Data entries
*** Block opens ***

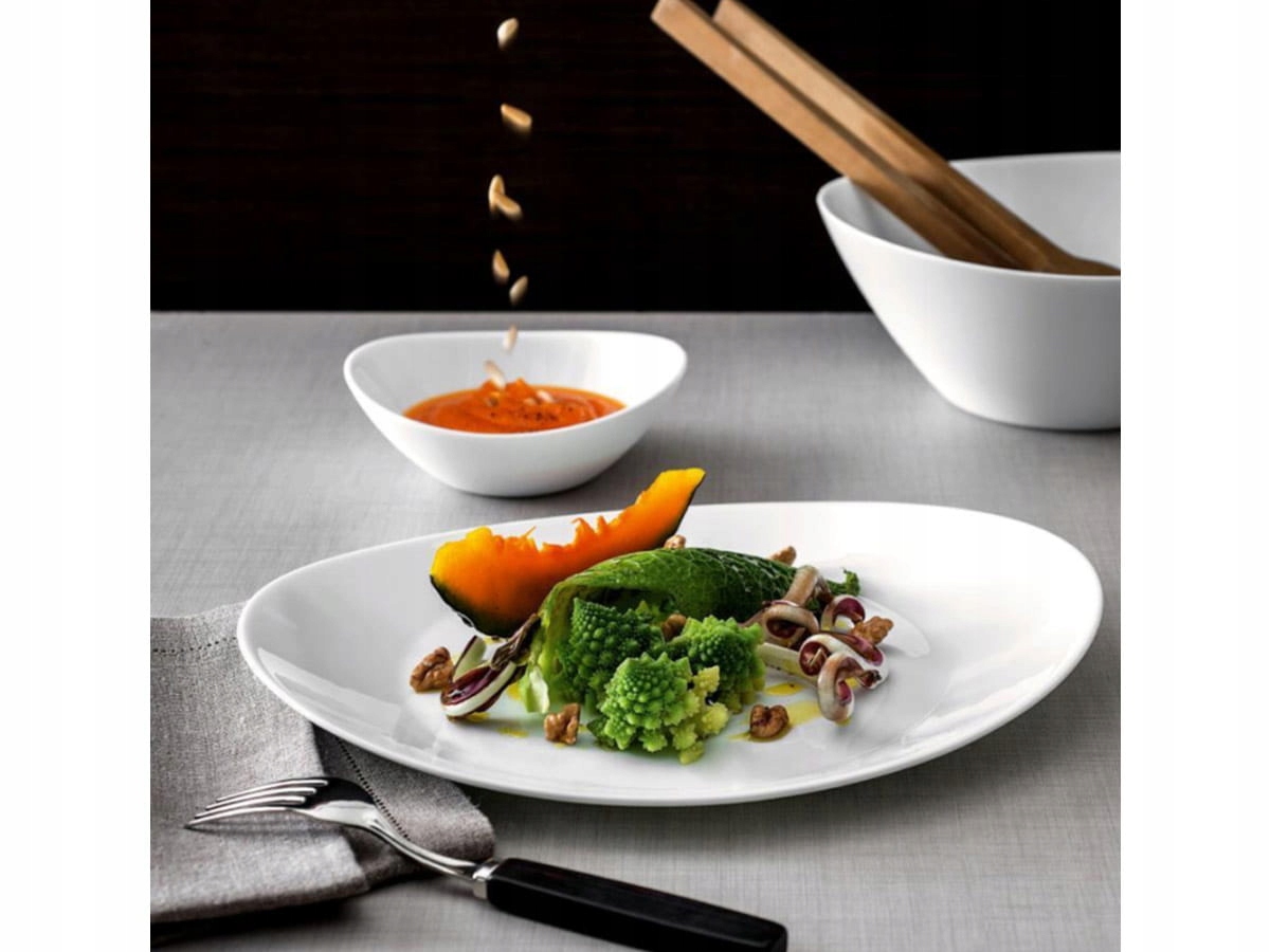 Обеденный сервиз «Прометео» Бормиоли Рокко. Обеденный сервиз на 4 персоны, 12 предметов. Белые тарелки овальной формы, украшенные снаружи волнистым узором. Набор посуды, на которой можно подавать различные виды блюд: основные блюда, супы или десерты.
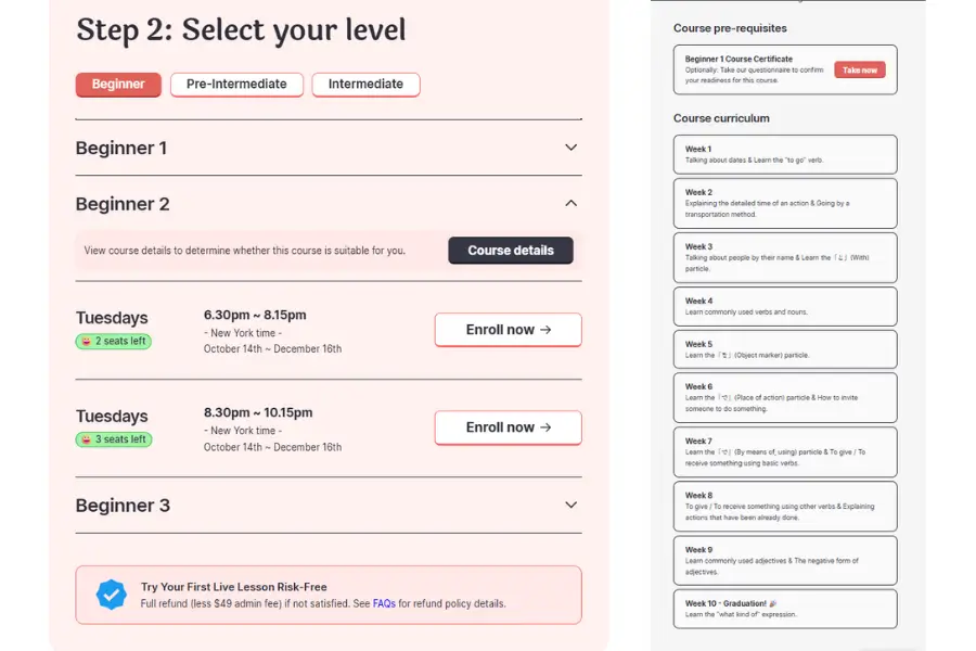 We operate on a different model entirely. Instead of a recurring subscription, you enroll in one of our 10-week courses, which cost $249 USD (or even less, at $229 USD, if you snag an early-bird discount). Yes, the initial, upfront cost is higher than WaniKani’s monthly fee, but our price is all-inclusive. It covers the live instruction with our native teachers, all lesson materials, the pre-recorded videos, and full access to our practice app. There are absolutely no hidden fees or extra textbook costs. Plus, for peace of mind, if you're not satisfied with the course, we offer a full refund (minus a small admin fee). Our pricing reflects a complete, guided program, not just one self-study tool.
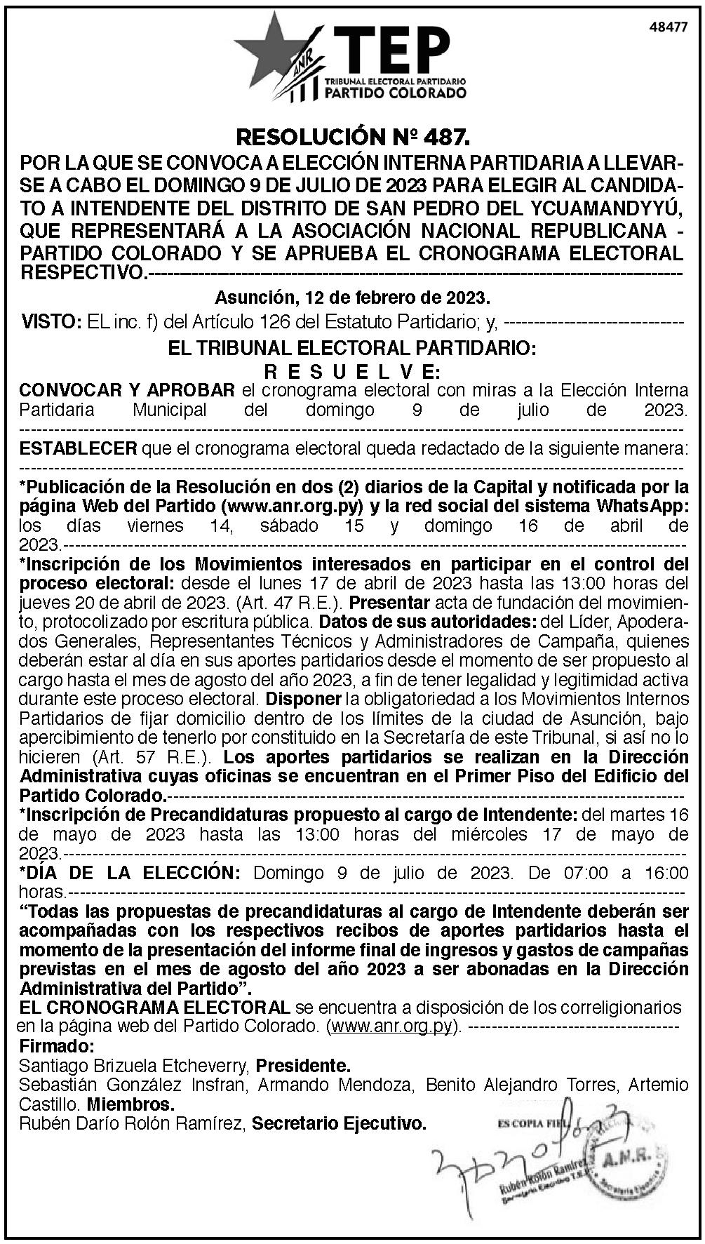 El Instituto de Acción Republicana (Inare) destaca también el cumplimiento de la ley electoral por parte del Partido Colorado.
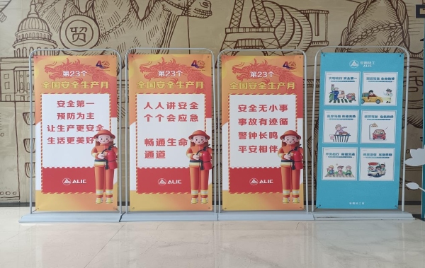 (在人流密集的大廳通道,陳列安全主題宣傳展板)
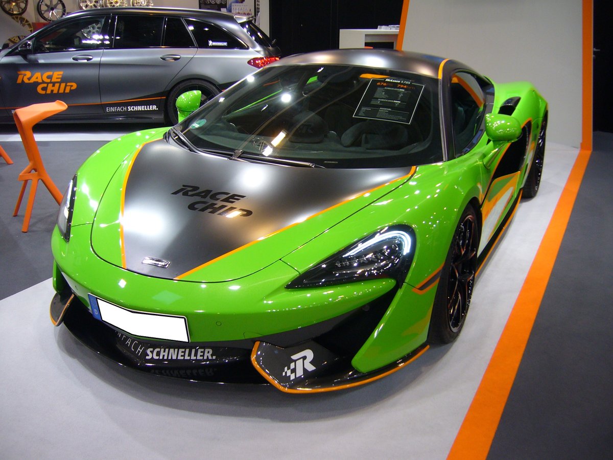 McLaren 570S Coupe. Der kleine Sportwagen der McLaren Automanufaktur wird seit Oktober 2015 in kleinster Stückzahl produziert. Im Juni 2017 wurde noch eine Roadster Version vorgestellt. Der als Mittelmotor verbaute V8-motor hat einen Hubraum von 3799 cm³ und leistet, dem Modellnamen entsprechend 570 PS. Die Höchstgeschwindigkeit dieses straßentauglichen Boliden liegt bei ca. 330 km/h. Essen Motor Show am 09.12.2017.

*** Block closes ***

● Aim of the exercise: Copy exactly the lines that run from the line containing "El Instituto de" to the end of the data above, keeping both end lines and leaving out all pictures.

● Reply to the exercise:
 El Instituto de Acción Republicana (Inare) destaca también el cumplimiento de la ley electoral por parte del Partido Colorado.
 (在人流密集的大廳通道,陳列安全主題宣傳展板)
 McLaren 570S Coupe. Der kleine Sportwagen der McLaren Automanufaktur wird seit Oktober 2015 in kleinster Stückzahl produziert. Im Juni 2017 wurde noch eine Roadster Version vorgestellt. Der als Mittelmotor verbaute V8-motor hat einen Hubraum von 3799 cm³ und leistet, dem Modellnamen entsprechend 570 PS. Die Höchstgeschwindigkeit dieses straßentauglichen Boliden liegt bei ca. 330 km/h. Essen Motor Show am 09.12.2017.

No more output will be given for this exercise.